* EXERCISE OBJECTIVE: When you reach the line with "The persistence index, calculated" in the records below, begin transcribing exactly and continue up to and including the line with "White room and", leaving out every picture.

SOURCE MATERIAL section start

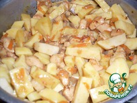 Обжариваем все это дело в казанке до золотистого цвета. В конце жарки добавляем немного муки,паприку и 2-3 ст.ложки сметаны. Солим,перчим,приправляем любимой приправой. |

SOURCE MATERIAL section end
SOURCE MATERIAL section start

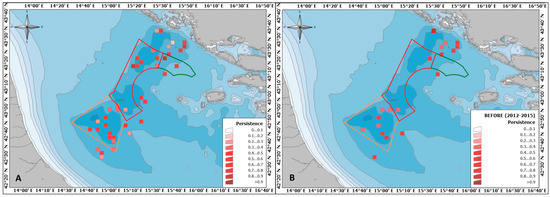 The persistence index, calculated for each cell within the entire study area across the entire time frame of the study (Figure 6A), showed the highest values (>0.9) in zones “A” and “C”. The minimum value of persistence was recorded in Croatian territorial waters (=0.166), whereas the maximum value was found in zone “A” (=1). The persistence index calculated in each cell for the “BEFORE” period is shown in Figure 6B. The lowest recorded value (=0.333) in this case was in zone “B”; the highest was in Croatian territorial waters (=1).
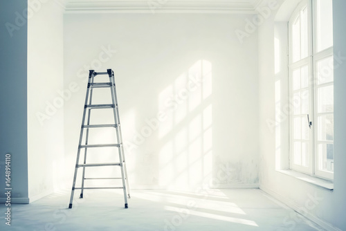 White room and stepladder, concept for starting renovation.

SOURCE MATERIAL section end

* FINISHED TASK:
 The persistence index, calculated for each cell within the entire study area across the entire time frame of the study (Figure 6A), showed the highest values (>0.9) in zones “A” and “C”. The minimum value of persistence was recorded in Croatian territorial waters (=0.166), whereas the maximum value was found in zone “A” (=1). The persistence index calculated in each cell for the “BEFORE” period is shown in Figure 6B. The lowest recorded value (=0.333) in this case was in zone “B”; the highest was in Croatian territorial waters (=1).
 White room and stepladder, concept for starting renovation.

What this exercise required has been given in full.